Introduction:
For my research
question I asked where a good place to live in Dane County would be. The
specific objective of my project was to find a residential place that was
within ten kilometers of W. Washington Ave in Madison, three kilometers of a
hospital, two kilometers of a lake and one kilometer of a park. It also had to be 500 meters away from W
Washington Ave. My intended audience would be a person aged 21 – 30 that would
be trying to move to Madison, WI. This location is ideal for this age bracket
because it is in the middle of the city but also near parks and lakes. This
means there are plenty of activities to partake in and shopping venues to
explore within walking distance. This location is also near significant
nightlife but is far enough away to not hear the noise from the main strip.

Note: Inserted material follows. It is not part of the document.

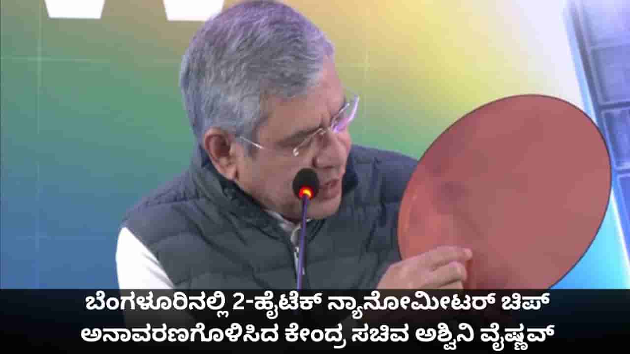 ಬೆಂಗಳೂರು, ಫೆಬ್ರವರಿ 7: ಕೇಂದ್ರ ಎಲೆಕ್ಟ್ರಾನಿಕ್ಸ್ ಮತ್ತು ಐಟಿ ಸಚಿವ ಅಶ್ವಿನಿ ವೈಷ್ಣವ್ (Ashwini Vaishnaw) ಇಂದು (ಶನಿವಾರ) ಬೆಂಗಳೂರಿನಲ್ಲಿ ಕ್ವಾಲ್ಕಾಮ್ ಟೆಕ್ನಾಲಜೀಸ್ ತಯಾರಿಸಿದ ಹೈಟೆಕ್ 2-ನ್ಯಾನೊಮೀಟರ್ ಚಿಪ್ ಅನ್ನು ಅನಾವರಣಗೊಳಿಸಿದರು. ಈ ಸಂದರ್ಭದಲ್ಲಿ ಮಾತನಾಡಿದ ಅವರು, “ನಮ್ಮ ದೇಶವು ಸೆಮಿಕಂಡಕ್ಟರ್ ಉತ್ಪಾದನಾ ವಿನ್ಯಾಸದಲ್ಲಿ ಪ್ರಮುಖ ಪ್ರಗತಿಯನ್ನು ಸಾಧಿಸುತ್ತಿದೆ. ಭಾರತದಲ್ಲಿ ಇದು ಹೊಸ ಉದ್ಯಮವಾಗಿ ರೂಪ ತಳೆಯುತ್ತಿದೆ” ಎಂದು ಹೇಳಿದರು. ಚಿಪ್ ವೇಫರ್ ಅನ್ನು ಕೈಯಲ್ಲಿ ಹಿಡಿದು ತೋರಿಸಿದ ಸಚಿವ ಅಶ್ವಿನಿ ವೈಷ್ಣವ್ ಅದರ ಸಾಮರ್ಥ್ಯಗಳು ಮತ್ತು ಅದರಲ್ಲಿ ಒಳಗೊಂಡಿರುವ ಉತ್ಪಾದನೆಯನ್ನು ವಿವರಿಸಿದರು.

It
is also always ideal to be relatively close to a hospital no matter who you
are. This information would most likely be used by people trying to move to
Madison from the age of 21-30.
Data Sources:
I used the ESRI geodatabase for all of the data that I needed. I believe
that the ESRI geodatabase is a credible source to use. I used county data to
answer questions about residential zoning and county boundaries. I used
national hydrographic data to find the boundaries of lakes and rivers. I used
national forestry data to find the boundaries for parks and I used US data for
hospital locations. I used major US roads to get the location of W. Washington
Ave, and I used US states to find a Wisconsin locator map. My data
concerns have to deal with accuracy, completeness and age of my datasets.

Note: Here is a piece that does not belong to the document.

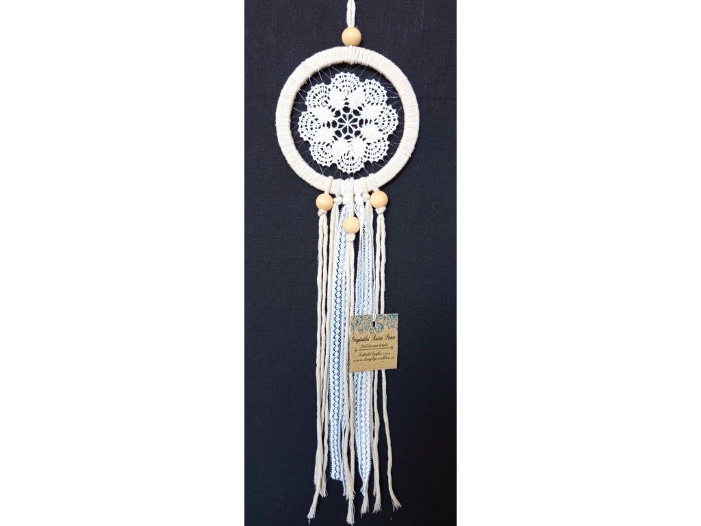 Mini závěs, velikost kruhu: 12 cm, celková velikost: 12 x 40 cm, základ tvoří dřevěný kruh - omotaný bavlněnou přízí Macrame + stuhy a korálky, barva: viz foto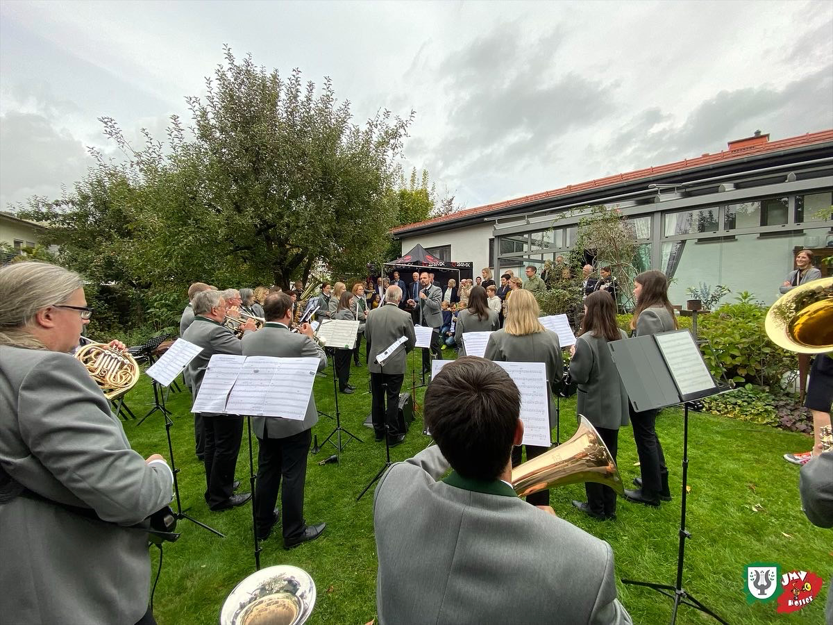 Gestern Nachmittag stand ein Überraschungsauftritt an: Unser ältestes aktives Mitglied feierte seinen 75. Geburtstag und gleichzeitig das Jubiläum der Goldenen Hochzeit. Absolute Ehrensache, dass wir zu dieser Gelegenheit ein Ständchen spielen und unsere Glückwünsche persönlich überbringen.

Considering that my data was mostly national, it would have probably been
better to find a dataset that is scaled down and dedicated solely to Dane
county. That way the boundaries for the county, parks and lakes would be more
accurate. Also, the data from parks is from 1992 and 1997. Water data was collected
in 1995 and 2002. Hospital data was gathered in 2006, and roads were gathered
in 2007. This means that my data may be a little out of date. If this is the
case, some boundaries of parks, lakes, residential areas and roads may have
changed.
Methods:
Answering my spatial
question involved creating a flow model to track all the steps I took from
beginning to end (figure 1). I used spatial query to find residential areas,
select by attributes to find hospitals and W. Washington Ave, and an intersect
to find lakes in Dane County. I used buffers to find the area that was close to
parks, lakes, hospitals and W. Washington Ave. Then these that would be
suitable for living were intersected and dissolved. After that I used an erase
of a 500 meter buffer of W. Washington Ave and my suitable living area to find
the final living area. After that I put all the data on a template and put in a
locator map. I selected Wisconsin from state data and then selected Dane county
from county data. I put in my final area on top of the county boundary to show
the location on a broader scale.
Results:
As you can see in figure 2, the result of my
project was a polygon of my living area that consisted of 47139488m2.

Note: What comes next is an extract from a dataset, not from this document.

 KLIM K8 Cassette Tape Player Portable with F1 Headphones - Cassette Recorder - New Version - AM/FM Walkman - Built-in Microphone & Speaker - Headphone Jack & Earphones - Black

Most of the area resides in an isthmus of Lake Mendota and Lake Monona.
Luckily, there are plenty of parks around this area and within the city. There
are five hospitals within five miles of W. Washington Ave and 6 hospitals within
10 W. Washington Ave. Most of the areas
to the northeast, northwest, southeast and southwest that don’t fall within the
living areas of W. Washington Ave are restricted because they are plotted too
far away from hospitals. The area directly south of Lake Mendota is restricted
because it is too far away from any parks. There were some suitable areas
farther south of Madison, but they were too far away from the city activities
and the nightlife.
Evaluation:
My overall impression of this project is that it
contains very useful information. When moving to a new area, it is really
important to figure out where you want to be geospatially based on your needs
and wants. If you fail to take these into account, your life could end up much
more difficult than it needs to be. If I were asked to repeat the project, I
would go a lot more into depth about the criteria I would include in my map. I
would include buffer zones for grocery stores, transit systems and my place of
employment. I would also create several maps showing population data, housing
price ranges, % owner/renter occupied areas, and age and race demographics. I
would probably accomplish this by making several graduated colors maps to show
different percentages and ranges. The challenges I faced doing this project
consisted of figuring out what the best tools to use are in different
situations. I also had trouble figuring what to do first and the order of
operations after that. I also faced some data collection problems because there
was some data that I wanted but couldn’t get my hands on. I was also a little
wary about the accuracy of the data that I did collect because it was a little
outdated and some of the boundaries weren’t as precise as I had hoped for.